BRIEF DESCRIPTION OF THE DRAWINGS
[0026] In the following, the present invention will be described in
more detail with reference to the embodiment illustrated in the
drawings, in which:
[0027] FIG. 1 is a side view of a self-tapping screw according to
the invention having a conical screw-in region;
[0028] FIG. 2 shows the screw of FIG. 1, viewed from the head;
[0029] FIG. 3 is a sectional detail view from the side of the
configuration of the thread of a screw according to the invention;
and
[0030] FIG. 4 is also a sectional view from the side of the detail
of an individual thread pitch of FIG. 3.
BEST WAY TO IMPLEMENT THE INVENTION
[0031] FIG. 1 shows a self-tapping screw 10 according to the
invention from the side. The screw 10 comprises a conventional head
12 with an outer force application 14 and an outer thread carrier
16 with an outer thread 18. The outer thread carrier 18 has a
conventional tapered end 20.
[0032] Here, however, the invention provides that a region K
between the end 20 and approximately the centre of the outer thread
18 is not cylindrical as is otherwise customary for screws, but is
slightly conical, this region running towards the end 20 at an
angle of 1.2.degree., i.e. the external diameter of the outer
thread carrier 16 decreases in this region towards the end 20. This
conical region K preferably extends over the screw-in region.
[0033] This screw-in region preferably corresponds to the thread
engagement.
[0034] FIG. 2 shows the screw of FIG. 1 viewed from the head.
[0035] FIG. 3 shows the detail X from FIG. 1. Here, the thread 18
according to the invention is shown in detail in a sectional view
in the conical screw-in region K along a plane through the
rotational axis of the outer thread carrier 16.

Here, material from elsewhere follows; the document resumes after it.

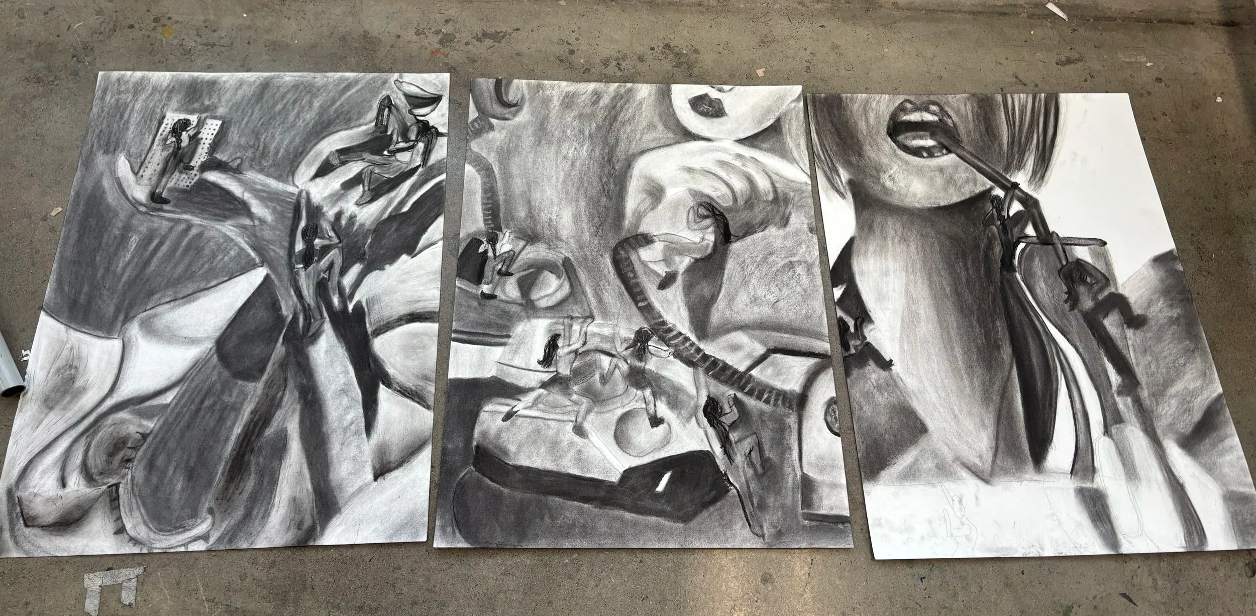 In this series of charcoal drawings called Women’s Climb, I depicted miniature women climbing these large scale sex symbols of women to show the interaction between being a women and media’s ideals about women.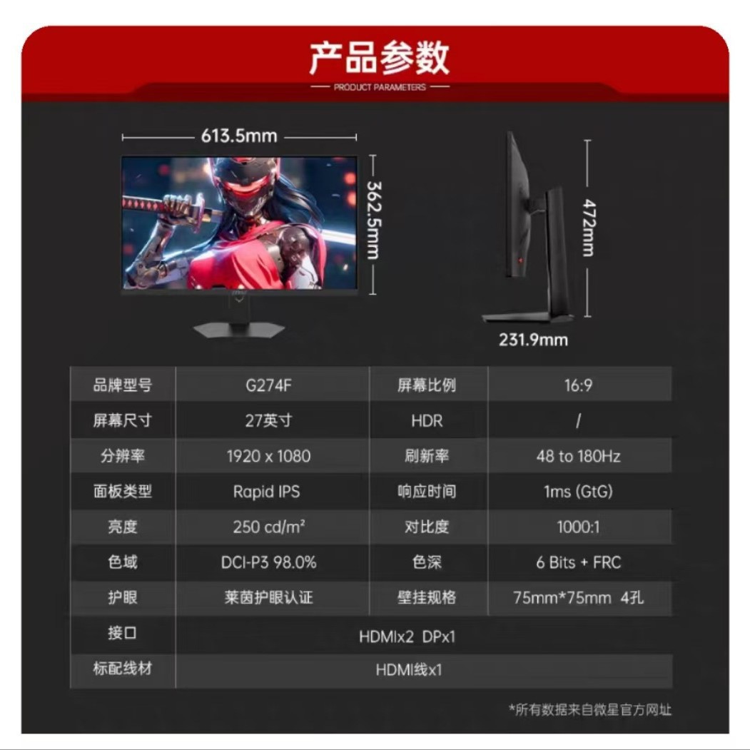 AOC 27 インチ 180HZ ゲーミング モニター 1MS 応答高速 LCD リトル キング コング 27G40E に適しています。

[0036] The individual cut thread pitches 22 are shown in detail
here. The detail also extends like FIG. 1, i.e. the end 20 of the
screw 10 is arranged on the right-hand side while the head 12 would
be positioned on the left.
[0037] As shown in FIG. 3, the screw 10 according to the invention
has in the conical screw-in region K thread pitches 22 which become
narrower or slimmer as the external diameter of the outer thread 18
increases. For this purpose, in the illustrated embodiment, the
angle between the two flanks 24, 26 of the thread pitch 22
decreases from revolution to revolution. This figure shows the
decrease from 60.degree. through 59.5.degree. for the thread pitch
closest to the head side, to 59.degree. and finally to
58.5.degree.. In the same way, the angle between the two flanks 24,
26 decreases further by 0.5.degree. in each case per revolution
towards the head. The corresponding decrease ends and the thread
pitches then have a width which remains constant or a flank angle
which remains constant as soon as the sloping region K ends and
merges into the conventional cylindrical screw thread. To further
increase the pullout resistance of the illustrated self-tapping
screw 10 according to the invention, the thread pitches 22
illustrated here are not provided on their outer end with a rounded
or angular tip, but they merge into a narrower and steeper nose 28,
as shown in greater detail in FIG. 4.
[0038] This nose 28 then has between its two flanks 30 and 32 an
angle which corresponds to only half the angle between the flanks
24 and 26.
[0039] The advantage of the invention described above is seen in
the feasibility of an unchanging flank engagement in conically
moulded holes and when required, by the additional flank prominence
28 in the achievement of a further increase in the pull-out
strength.
[0040] The self-tapping screw according to the invention makes it
possible to implement screw-in depths of any size, so that it is
also possible to use this screw in very highly stressed
applications which have hitherto been unsuitable for the
self-tapping screws of the prior art due to their unsatisfactory
performance. An example of this would be the cylinder head screw
connection in engines.
[0041] According to the invention, a self-tapping screw which is
otherwise always formed cylindrically is adapted in the angular
path of its outer thread to the shape of the moulded hole and thus
an optimum engagement of the thread is achieved in moulded holes
which are inevitably always conical.
* * * * *